Why be so hostile towards Romero's comment, which seemed to be made in a
light-hearted context? He's describing the situation as he has seen it;
perhaps he is mistakenly inclined to put the onus on programmers rather than
cultural and historical factors because of how programmer culture is so
steeped in self-driven destiny-controlling meritocracy. I agree that culture
(which includes training) is a factor -- OTOH, that doesn't mean Romero's quip
isn't useful to programmers who can use it to better themselves.

------
mbauman
In case you missed it yesterday, the the second article is an interview with
Tim Sweeney.

Article here:
[https://www.gamasutra.com/blogs/DavidLightbown/20180109/3094...](https://www.gamasutra.com/blogs/DavidLightbown/20180109/309414/Classic_Tools_Retrospective_Tim_Sweeney_on_the_first_version_of_the_Unreal_Editor.php)

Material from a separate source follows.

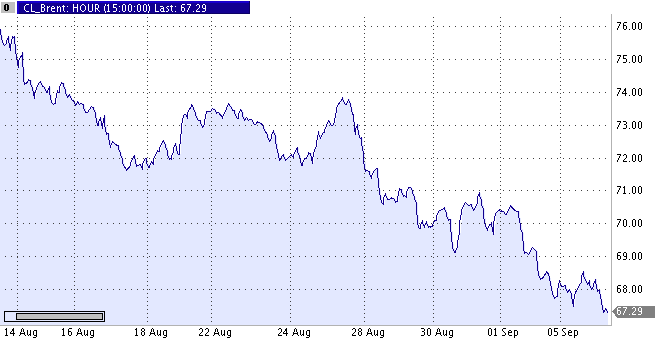 Цены на нефть продолжают безоткатное снижение, поскольку опасения срыва поставок начали ослабевать, так как автомобильный сезон в США закончился на этих выходных без каких-либо признаков срывов поставок, а переговоры вокруг ядерной программы между Западом и Ираном снизили опасения нарушения экспорта нефти из второго в ОПЕК по величине производителя нефти. "Никаких плохих новостей в настоящий момент нет", - говорит один из лондонских дилеров в интервью агентству Reuters. "Ситуация на рынке немного напоминает старые времена - лето прошло без какой-либо нехватки бензина, и зимние запасы печного топлива не вызывают никаких опасений. Даже ситуация вокруг Ирана выглядит сейчас удовлетворительно", - добавляет он. Россия и Китай во вторник продемонстрировали нежелание поддерживать какие-либо действия Совета Безопасности ООН по введению санкций в отношении Ирана. Обе страны обладают правом вето в Совете Безопасности и их позиция подчеркивает трудности, с которыми столкнулись США, призывающие к немедленному введению санкций против Ирана, проигнорировавшего требования ООН прекратить работы по обогащению урана к 31 августа. Рисковая премия в $10-15, заложенная в мировые цены на нефть в связи с ситуацией вокруг Ирана, постепенно сходит на нет по мере того, как все больше участников рынка начинают сомневаться в готовности США нанести удар по четвертому по величине нефтедобытчику мира, пишет Reuters. Тропический шторм Флоренс, возникший в Атлантическом океане может в пятницу перерасти в ураган, однако его маршрут не угрожает мексиканскому заливу, где находится нефтяное производство США, сообщил в среду Национальный центр по изучению ураганов.

And relevant HN discussion:
[https://news.ycombinator.com/item?id=16110133](https://news.ycombinator.com/item?id=16110133)

------
bluedino
I found it interesting on all the non-game things that Romero's name was on.
The DE-ICE installer, the text file viewer that came with the games...

I guess their background in writing tiny random apps for Softdisk explains it.

------
drxzcl
Romero comes across as a really nice guy!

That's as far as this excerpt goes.